ImportError: Traceback (most recent call last):
File “/home/paperspace/anaconda3/envs/fastai/lib/python3.6/site-packages/tensorflow/python/pywrap_tensorflow.py”, line 58, in
from tensorflow.python.pywrap_tensorflow_internal import *
File “/home/paperspace/anaconda3/envs/fastai/lib/python3.6/site-packages/tensorflow/python/pywrap_tensorflow_internal.py”, line 28, in
_pywrap_tensorflow_internal = swig_import_helper()
File “/home/paperspace/anaconda3/envs/fastai/lib/python3.6/site-packages/tensorflow/python/pywrap_tensorflow_internal.py”, line 24, in swig_import_helper
_mod = imp.load_module(’_pywrap_tensorflow_internal’, fp, pathname, description)
File “/home/paperspace/anaconda3/envs/fastai/lib/python3.6/imp.py”, line 243, in load_module
return load_dynamic(name, filename, file)
File “/home/paperspace/anaconda3/envs/fastai/lib/python3.6/imp.py”, line 343, in load_dynamic
return _load(spec)
ImportError: libcublas.so.8.0: cannot open shared object file: No such file or directory

Failed to load the native TensorFlow runtime.

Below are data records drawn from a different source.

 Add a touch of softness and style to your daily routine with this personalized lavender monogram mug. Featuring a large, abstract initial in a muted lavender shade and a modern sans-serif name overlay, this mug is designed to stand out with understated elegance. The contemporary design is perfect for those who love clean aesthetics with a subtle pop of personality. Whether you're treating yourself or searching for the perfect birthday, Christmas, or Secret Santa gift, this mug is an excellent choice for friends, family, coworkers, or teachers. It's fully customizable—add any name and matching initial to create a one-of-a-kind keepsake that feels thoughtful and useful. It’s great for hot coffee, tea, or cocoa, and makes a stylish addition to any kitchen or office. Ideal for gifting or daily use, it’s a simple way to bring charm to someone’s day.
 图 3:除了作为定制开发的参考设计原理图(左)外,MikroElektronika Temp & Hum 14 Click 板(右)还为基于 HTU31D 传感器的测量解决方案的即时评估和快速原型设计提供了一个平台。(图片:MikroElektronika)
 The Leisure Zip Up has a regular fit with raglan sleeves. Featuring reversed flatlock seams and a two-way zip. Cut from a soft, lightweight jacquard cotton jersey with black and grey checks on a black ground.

See https://www.tensorflow.org/install/install_sources#common_installation_problems

for some common reasons and solutions. Include the entire stack trace
above this error message when asking for help.


(Simron Thapa) #70

I am trying to run the lesson2-image-models.ipynb of fastai/courses/dl1, however I am getting this error. Can anybody enlighten me how to solve this?

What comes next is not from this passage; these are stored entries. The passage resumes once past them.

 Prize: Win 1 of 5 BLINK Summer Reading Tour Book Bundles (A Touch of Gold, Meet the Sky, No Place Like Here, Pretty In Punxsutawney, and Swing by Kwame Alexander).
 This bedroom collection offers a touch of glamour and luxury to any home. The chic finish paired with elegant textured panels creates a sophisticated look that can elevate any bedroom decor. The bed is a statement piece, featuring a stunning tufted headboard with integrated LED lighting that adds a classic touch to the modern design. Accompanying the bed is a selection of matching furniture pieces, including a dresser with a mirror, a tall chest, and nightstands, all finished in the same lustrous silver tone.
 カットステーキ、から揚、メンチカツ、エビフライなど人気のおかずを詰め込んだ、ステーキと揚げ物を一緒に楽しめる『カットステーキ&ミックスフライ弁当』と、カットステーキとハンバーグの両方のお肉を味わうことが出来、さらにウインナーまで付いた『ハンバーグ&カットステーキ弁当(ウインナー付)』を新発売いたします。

PermissionError Traceback (most recent call last)
in
2
3 os.makedirs(‘data/planet/models’, exist_ok=True)
----> 4 os.makedirs(’/cache/planet/tmp’, exist_ok=True)
5
6 get_ipython().system(‘ln -s /datasets/kaggle/planet-understanding-the-amazon-from-space/train-jpg {PATH}’)

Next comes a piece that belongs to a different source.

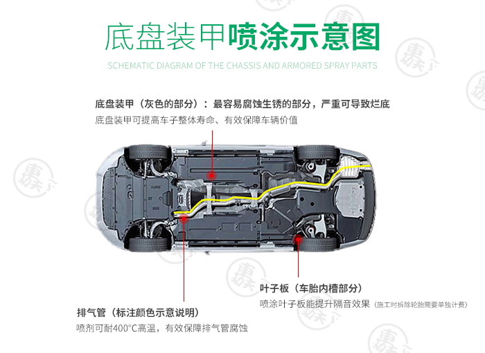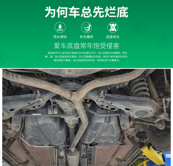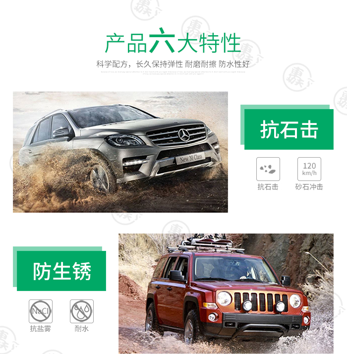 抗石擊、防生銹、隔音降噪、減震防護、防拖底、隔熱御寒
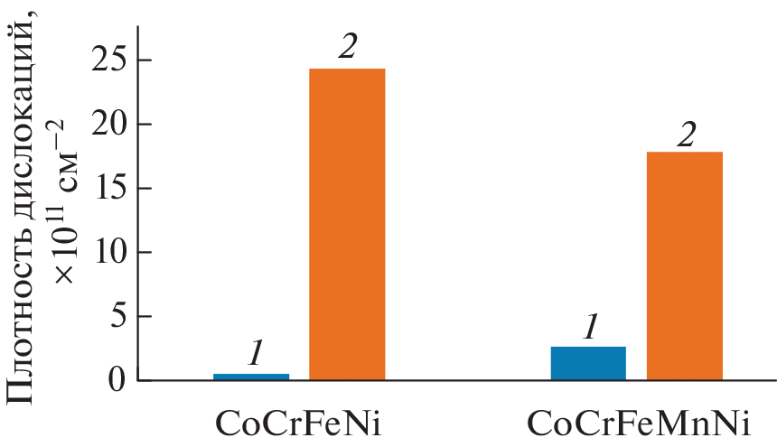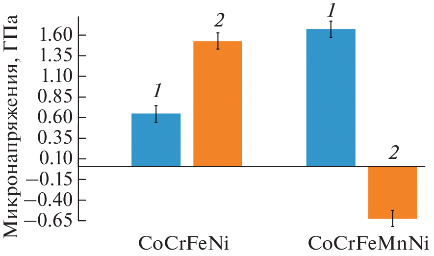In this study bulk samples of high-entropy alloys CoCrFeNi and CoCrFeMnNi, fabricated by arc melting (of pure metal powders up to 99.97%, argon atmosphere) followed by annealing (1150°C, 24 and 72 h) and cold rolling (85% decrease in thickness) were irradiated with He2+ ions (40 keV, fluence 2 × 1017 cm–2). Samples of CoCrFeNi and CoCrFeMnNi are substitutional solid solutions with a close to equiatomic composition and a uniform distribution of elements over the depth of the alloys. They have a coarse grain structure with a grain size of about 80 µm for CoCrFeNi and 100 µm for CoCrFeMnNi alloys. It was revealed that the surface microstructure, phase and elemental composition of high-entropy alloys are resistant to irradiation. No traces of radiation erosion and changes in the elemental and phase composition of the alloys were found. In alloys, the dislocation density increases, which leads to a decrease in the size of coherent scattering regions, and helium bubbles are also formed, leading to an increase in compressive macrostresses. It was found that tensile microstresses prevail in irradiated CoCrFeNi alloys, while compressive stresses prevail in CoCrFeMnNi alloys. It has been found that high-entropy CoCrFeMnNi alloys with a more complex composition are more resistant to radiation damage.

~/anaconda2/envs/fastai/lib/python3.7/os.py in makedirs(name, mode, exist_ok)
209 if head and tail and not path.exists(head):
210 try:
–> 211 makedirs(head, exist_ok=exist_ok)
212 except FileExistsError:
213 # Defeats race condition when another thread created the path

~/anaconda2/envs/fastai/lib/python3.7/os.py in makedirs(name, mode, exist_ok)
209 if head and tail and not path.exists(head):
210 try:
–> 211 makedirs(head, exist_ok=exist_ok)
212 except FileExistsError:
213 # Defeats race condition when another thread created the path

~/anaconda2/envs/fastai/lib/python3.7/os.py in makedirs(name, mode, exist_ok)
219 return
220 try:
–> 221 mkdir(name, mode)
222 except OSError:
223 # Cannot rely on checking for EEXIST, since the operating system

PermissionError: [Errno 13] Permission denied: ‘/cache’


(Hasib Zunair) #71

What is the purpose of this line

data = data.resize(int(sz*1.3), ‘/tmp’)

And also these path files

TMP_PATH = “/tmp/tmp”
MODEL_PATH = “/tmp/model/”


(Charles Twardy) #73

@vitality:

In his Excel example, Jeremy just made up the top/side kernels as simple demonstrations.
I assume he did the same with the Conv1 -> Conv2, but I’m not sure.
In Real Life, they would all be learned. (Unless you’re very good. :slight_smile: )

@ceceshao1:

The following worked for me on Paperspace:

  1. Use gradient and launch the FastAI course notebook (v0.7).
  2. Launch a terminal from the “+” menu.
  3. pip install tensorflow-gpu keras
  4. Open the lesson*.ipynb
  5. Possibly add these lines before the imports (I need them on subsequent notebook launches, but not the first time):
    import sys
    sys.append('../../')
  1. Then I am able to import tensorflow as tf without error.

@hasib_zunair:

I believe the .resize() call does: (a) select only images up to sz*1.3; (b) resize them to sz; © save in /tmp; (d) overwrite data with this subset. I’m pretty sure the paths (a) show where to get the subset data; (b) where to get the model trained on the subset.